Die Europäische Union (EU) versteht sich nicht nur als wirtschaftliche und politische Gemeinschaft, sondern als Werteunion, in der der Schutz von Menschenrechten, Rechtsstaatlichkeit und Demokratie obersten Stellenwert haben (sollen). Doch der kritische Blick auf konkrete EU-Politiken wie die EU-Migrations- und Asylpolitik zeigt deutliche Risse im Selbstverständnis der EU als Menschenrechtsförderin. Laut UNHCR, dem Flüchtlingshilfswerk der Vereinten Nationen, ist das Mittelmeer weiterhin die gefährlichste Flüchtlingsroute der Welt. Allein letztes Jahr kamen auf diesem Weg nach Europa mehr als 3.000 Menschen ums Leben oder wurden vermisst. Der humanitäre Notstand und die sog. Pushbacks (bzw. ‚Drift-backs‘) an den EU-Außengrenzen, auch unter Beteiligung von Frontex, der Europäischen Agentur für die Grenz- und Küstenwache, führen immer wieder zu heftiger Kritik und Protesten.
Menschenrechts- und Flüchtlingsorganisationen kritisieren: Die EU-Staaten haben bisher kaum Fortschritte bei der Entwicklung einer die Menschenrechte achtenden Migrationspolitik oder bei der gerechten Aufteilung der Verantwortung für Migrant:innen, Asylbewerber:innen und Geflüchtete gemacht. Konsens zeigen die EU und ihre Mitglieder lediglich bei der Abschottung der Grenzen und der Externalisierung der Verantwortung auf Kosten der Menschenrechte.
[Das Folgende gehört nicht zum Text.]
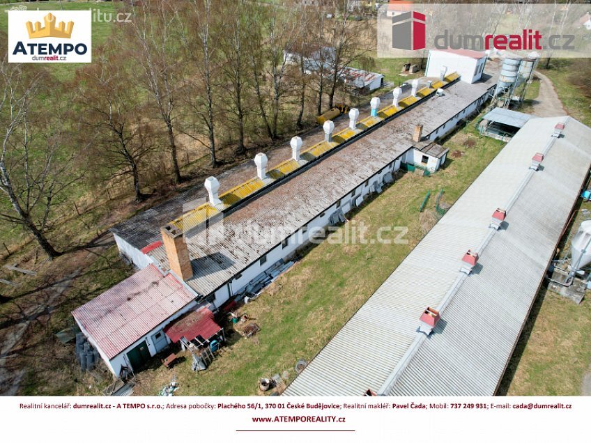 Naše společnost Vám zprostředkuje prodej zemědělského objektu v obci Majdalena, Třeboňsko. Budovy sloužili pro chov prasat se zázemím a stojí na pozemku o celkové výměře 18.720 m² se zastavěnou plochou 2.181 m². Pozemek s objekty leží na strategickém místě ve velmi žádané rekreační lokalitě CHKO Třeboňsko. Celou nemovitost lze využít pro podnikatelský záměr s přípravou výstavby domů k trvalému bydlení dle požadavků CHKO a obce. Po jednání s příslušnými úřady máme tuto variantu připravenu pro další zpracování. Druhou možností podnikatelského záměru je pokračování v zemědělské činnosti. Provozy živočišné výroby jsou technologicky rozděleny na automat řízený PC pro výkrmu a poloautomat pro porodnu a březárnu. V současné době jsou dle územního plánu plochy vedeny jako zastavitelné, s funkčním využitím pro výrobu a skladování zemědělské. Doporučuji osobní prohlídku. Více informací Vám poskytne realitní makléř Pavel Čada z RK A TEMPO s.r.o. fungující pod ochranou známkou naše společnost. Těšíme se na prohlídce. Ev. číslo: 641080.

Auf diesem Seminar nehmen wir die vielfach kritisierte Diskrepanz zwischen der Menschenrechtsrhetorik der EU und ihrer tatsächlichen Praxis unter die Lupe und diskutieren mit migrations- und menschenrechtspolitischen Expert:innen. Inwieweit kommt die EU ihren internationalen Schutzverpflichtungen nach, und wo besteht dringender Handlungsbedarf? Welche Ansätze gibt es, auf UN- wie EU-Ebene, um die humanitäre Hilfe, Unterstützung und Lösungen für Menschen, die internationalen Schutzes bedürfen, sowie für Überlebende von schweren Menschenrechtsverletzungen, zu verstärken? Und wie kann die EU ihrem Anspruch als Wertegemeinschaft und Menschenrechtsförderin gerecht werden, wenn sich angesichts bewaffneter Konflikte, den Auswirkungen des Klimawandels und verstärkter Hungerkrisen die weltweite Zahl an Flüchtenden erhöht? Die Gespräche werden in Deutsch und Englisch geführt.
Die Veranstaltung findet in Kooperation mit dem Verein Internationale Beziehungen e.V. statt. Voraussetzung für die Teilnahme ist ein vollständiger Corona-Impfschutz. Anmeldeschluss ist der 12.10.2022.